For general text-to-image generation, Qwen-Image was evaluated on GenEval, DPG, OneIG-Bench, and TIIF. The Qwen team reported a GenEval overall score of 0.91 (after a reinforcement-learning refinement stage) and a DPG score of 88.32, figures that, in their comparisons, exceeded systems such as FLUX.1 and GPT Image 1; for reference, the team's reported DPG figures placed GPT Image 1 at 85.15 and FLUX.1 at 83.84 [5][7]. On OneIG-Bench the model was reported as best overall across both English and Chinese tracks, while on TIIF it ranked second, behind GPT Image 1 [5][7]. For text rendering specifically, the Qwen team reported state-of-the-art results on benchmarks including LongText-Bench, ChineseWord, and TextCraft (with additional evaluation on CVTG-2K), citing especially large margins for Chinese text [1][5].
For image editing, Qwen-Image-Edit was evaluated on GEdit, ImgEdit, and GSO, where the Qwen team again reported state-of-the-art performance among the systems compared [4][5]. Secondary coverage also noted strong placement for Qwen-Image on Alibaba's AI Arena human-preference leaderboard, where it was described as the top-ranked open-source image model at the time [7]; such leaderboard standings change frequently and are best treated as time-bound.
The table below summarizes the model's key specifications and selected reported figures.
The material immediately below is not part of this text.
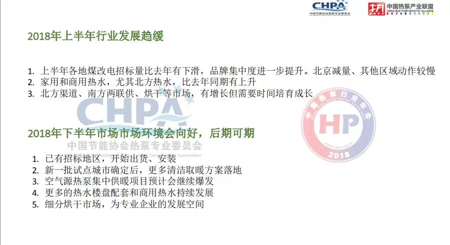 2017年我國空氣源熱泵供熱產(chǎn)業(yè)取得非常好的成績,但是在2018年上半年行業(yè)發(fā)展趨緩,整機制造企業(yè)壓力非常大,源于2018年上半年煤改電的招標總量與去年相比有所下降,品牌的集中度迅速提高。具體北京地區(qū)冬季清潔取暖工程空氣源熱泵產(chǎn)品市場需求量比去年有所降低,河北、山東、山西等其他區(qū)域工作開展比較慢,且市場比較分散,給空氣源熱泵整機企業(yè)帶來非常大的壓力。但2018年后半年市場環(huán)境會向好,市場前景依然可期。尤其是北方地區(qū)清潔取暖新一批試點城市公布之后,更多的清潔取暖方案將落地。此外,空氣源熱泵集中供暖項目在2018年后半年也將迎來市場旺季,集中供暖市場將為商用低溫空氣源熱泵機組等產(chǎn)品帶來市場會在后半年持續(xù)爆發(fā)。在生活熱水領域,越來越多的精裝樓盤選擇使用空氣源熱泵產(chǎn)品實現(xiàn)生活熱水的配套,還有就是細分的烘干市場,如淤泥、煙業(yè)的烘干市場都將為專業(yè)空氣源熱泵企業(yè)提供良好的細分的發(fā)展空間。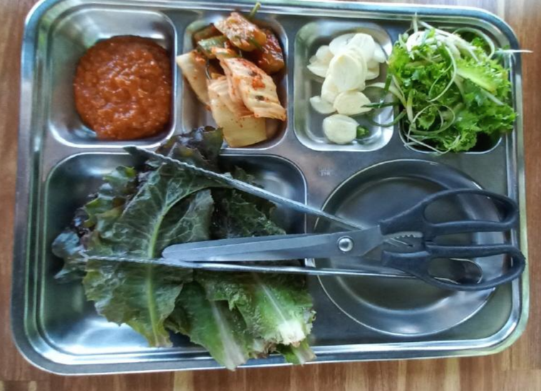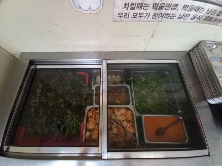 셀프코너에는 상추, 마늘, 오이김치, 배추김치, 쌈장, 채소무침이 있어요~

| Specification | Detail |
|---|---|
| Developer | Qwen team, Alibaba (Tongyi Lab) |
| Base model release | August 4, 2025 |
| Editing model release | August 18, 2025 (Qwen-Image-Edit) |
| Model type | Text-to-image and image-editing foundation model |
| Architecture | Multimodal diffusion transformer (MMDiT) |
| Parameters | ~20 billion (MMDiT backbone) |
| Text / condition encoder | Qwen2.5-VL (7B used in the editing path) |
| Image latent | Variational autoencoder (VAE) |
| Languages (text rendering) | English and Chinese (alphabetic and logographic) |
| License | Apache 2.0 |
| Distribution | Hugging Face, ModelScope, GitHub, Qwen Chat |
| GenEval (reported) | 0.91 overall (after RL) |
| DPG (reported) | 88.32 |
| Editing benchmarks (reported) | State of the art on GEdit, ImgEdit, GSO |
Qwen-Image was released as a fully open-weight model under the permissive Apache 2.0 license, which allows redistribution and commercial use, distinguishing it from closed image generators such as GPT-4o image generation, Google's Gemini image models (informally nicknamed "Nano Banana"), and ByteDance's Seedream [1][3]. The open release drove rapid ecosystem adoption: the model and its editing variant were integrated into the Hugging Face Diffusers library via dedicated pipelines, supported natively in ComfyUI, and quickly accumulated community fine-tunes and LoRA adapters [3][4][6]. Inference backends including vLLM and SGLang variants added support as well [3].
Within Alibaba's own portfolio, Qwen-Image complements the company's earlier generative-media efforts, including the Tongyi Wanxiang image line and the Wan video-generation models, and it builds directly on the Qwen2.5-VL vision-language model for its multimodal conditioning [4][5]. Its significance lies in two areas. First, it set a new bar for open image models on text rendering, an area where prior open systems such as FLUX and Stable Diffusion 3.5 had been comparatively weak, and where Qwen-Image's Chinese-text capability in particular had few open peers [1][7]. Second, by pairing strong general generation with a tightly integrated, instruction-based editing model under a permissive license, Qwen-Image became a widely used foundation for downstream creative tooling, contributing to the broader momentum of open Chinese AI models in the generative-image space during 2025 [3][7].